Do you find yourself one of the 34 million people who received a speeding ticket in the U.S. this year? Or maybe you are part of the group that received a ticket for various other driving violations. Well, now you have some decisions to make. Are you going to contest the ticket? Should you adjust your insurance coverage to avoid a drastic increase in premiums? Can you enroll in traffic school to wipe your record clean?Completely unsure of the best path to take and minimize your risk? We’ve all been there and each come out with different results. Therefore the best way to prevent your situation from becoming worse is providing yourself with the knowledge to minimize the penalty.

What You Can Do to Prevent a Ticket (or Another Ticket)

Drive Safe: Don’t Be Reckless! Obey the rules of the road and practice defensive driving. Behind the wheel of a car is no time to be risky. Look ahead for potential hazards and make sure that you leave yourself enough distance between you and the car ahead. If anything should happen, that will give you some extra precious seconds to make a smart decision that can save your life. Also, it can help you avoid stupid mistakes that can lead to that dreaded sound of sirens. Remember, traffic tickets are 100% avoidable.

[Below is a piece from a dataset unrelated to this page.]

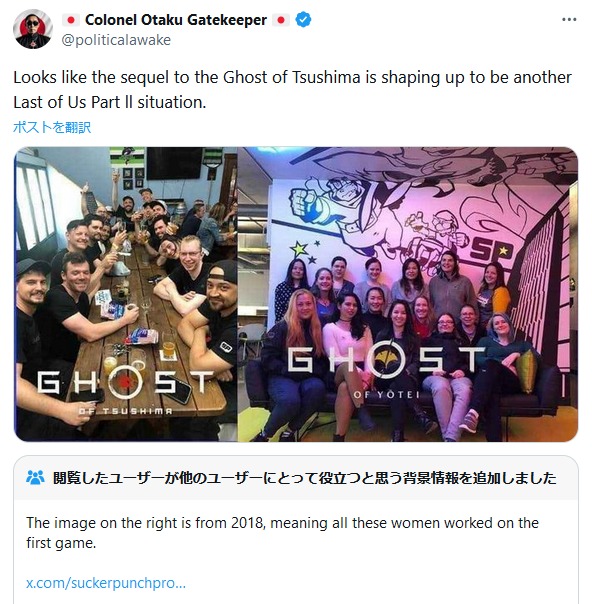 ただし、サッカーパンチ社からゴースト・オブ・ツシマのスタッフの一部が抜け、DEI的雇用が進んでいるのは事実なので、新作に関して不安に思っている人が存在はしてますよ。私も含めてその多くは今のところ様子見ですが。

If You Are Pulled Over: First of all, avoid immediately admitting guilt. You do not want to end up inviting more tickets for something that may not have been noticed. Second, always be respectful to the officer. Arguing will get you nowhere. Do not take the situation personally; they are just doing their job. Third, explain any circumstances that may have led to your violation of the law. If a car swerved and forced you into the carpool lane, recount the events. And, finally, always be serious. Do not assume that you will be able to talk your way out of a ticket.

What You Can Do After the Ticket

To Contest or Not to Contest?: You might have a situation which allows you to contest the ticket. If there are other reasons for your driving behavior or you disagree with the officer’s decision, you have the option to fight it. Of course, this is only available to you until you pay the fine. After you pay, there is no going back. Additionally, take photographic evidence if it will support your case. Also, make sure you know exactly what codes you are accused of violating. Do you have witnesses? Do you have a legitimate reason for your actions? Was the code violation for the purpose of preventing harm to yourself or others? In special situations, you can fight the ticket.

Traffic School: If you are given a traffic ticket, one thing you can do to mitigate the effect on your insurance is taking a safe driving course. Some states will even erase the ticket from your record if you successfully complete an online driving course. Research the options available to you. Of course, this usually requires that you have a valid driver’s license and have not completed traffic school for another ticket within the last 18 months. In addition, the violation must have been a non-alcohol-related misdemeanor.

Ask Your Insurance Company: Remember, knowledge is power. It is always a good idea to know how traffic tickets might affect your insurance premiums. Be proactive by calling and asking questions. This effect might be more significant with some companies than others. In those cases, it could actually be cheaper to cancel your insurance and switch to a different provider.